Collected data:
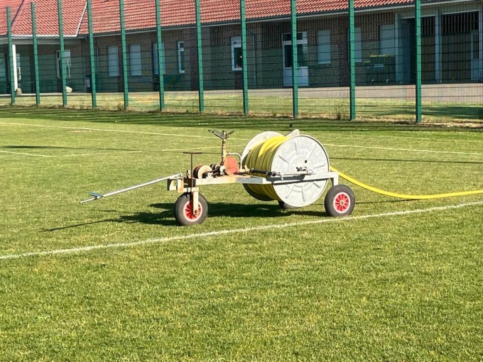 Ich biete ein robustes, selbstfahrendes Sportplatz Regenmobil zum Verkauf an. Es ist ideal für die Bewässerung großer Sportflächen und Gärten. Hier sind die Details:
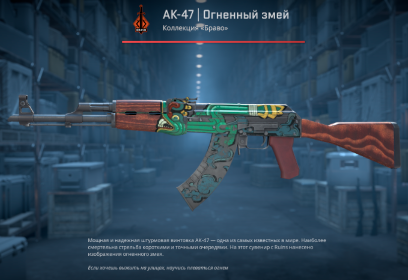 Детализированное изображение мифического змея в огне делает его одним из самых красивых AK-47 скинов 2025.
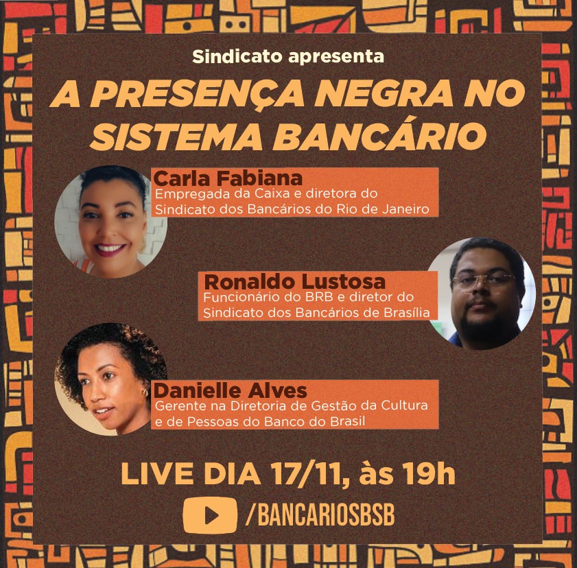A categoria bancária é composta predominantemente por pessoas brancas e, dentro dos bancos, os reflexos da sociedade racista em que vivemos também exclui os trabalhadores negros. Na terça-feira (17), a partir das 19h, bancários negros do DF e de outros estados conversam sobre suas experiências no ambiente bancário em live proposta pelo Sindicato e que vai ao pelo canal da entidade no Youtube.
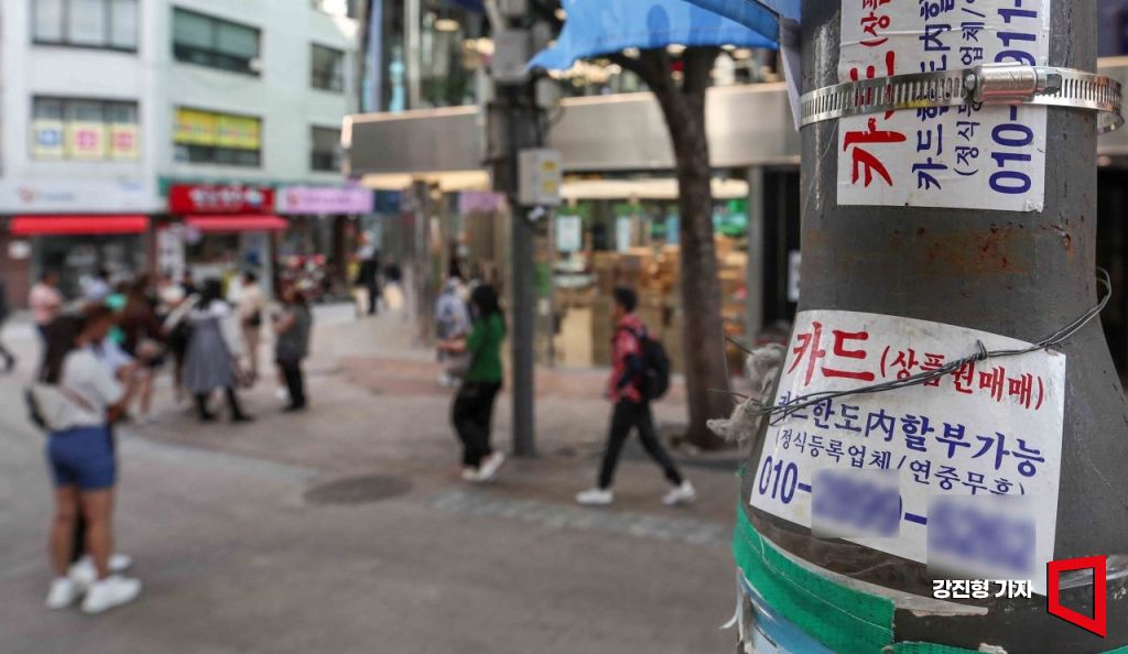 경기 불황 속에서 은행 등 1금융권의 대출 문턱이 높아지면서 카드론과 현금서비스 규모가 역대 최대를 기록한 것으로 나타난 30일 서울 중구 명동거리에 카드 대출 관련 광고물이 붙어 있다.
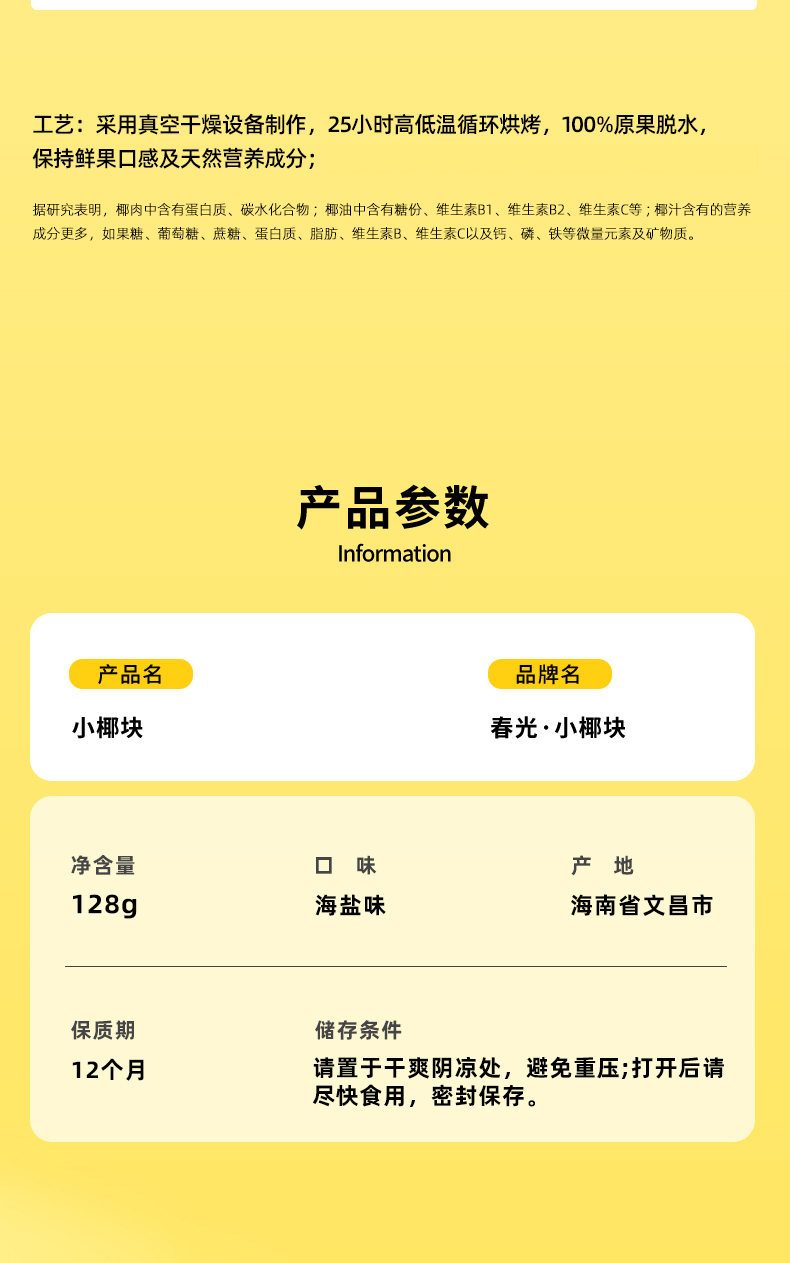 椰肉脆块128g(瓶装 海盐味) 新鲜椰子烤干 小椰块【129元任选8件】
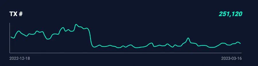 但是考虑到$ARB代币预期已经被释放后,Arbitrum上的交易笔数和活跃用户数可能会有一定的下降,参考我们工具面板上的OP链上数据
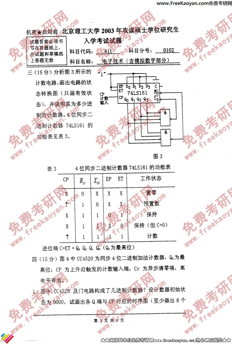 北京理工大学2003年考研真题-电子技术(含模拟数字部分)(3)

AIM OF THE TASK:
Nothing but the lines from the one holding "Детализированное изображение мифического" through the final line of the records above belongs in the answer, each retyped exactly; omit the pictures.

YOUR RESPONSE:
 Детализированное изображение мифического змея в огне делает его одним из самых красивых AK-47 скинов 2025.
A categoria bancária é composta predominantemente por pessoas brancas e, dentro dos bancos, os reflexos da sociedade racista em que vivemos também exclui os trabalhadores negros. Na terça-feira (17), a partir das 19h, bancários negros do DF e de outros estados conversam sobre suas experiências no ambiente bancário em live proposta pelo Sindicato e que vai ao pelo canal da entidade no Youtube.
 경기 불황 속에서 은행 등 1금융권의 대출 문턱이 높아지면서 카드론과 현금서비스 규모가 역대 최대를 기록한 것으로 나타난 30일 서울 중구 명동거리에 카드 대출 관련 광고물이 붙어 있다.
 椰肉脆块128g(瓶装 海盐味) 新鲜椰子烤干 小椰块【129元任选8件】
 但是考虑到$ARB代币预期已经被释放后,Arbitrum上的交易笔数和活跃用户数可能会有一定的下降,参考我们工具面板上的OP链上数据
 北京理工大学2003年考研真题-电子技术(含模拟数字部分)(3)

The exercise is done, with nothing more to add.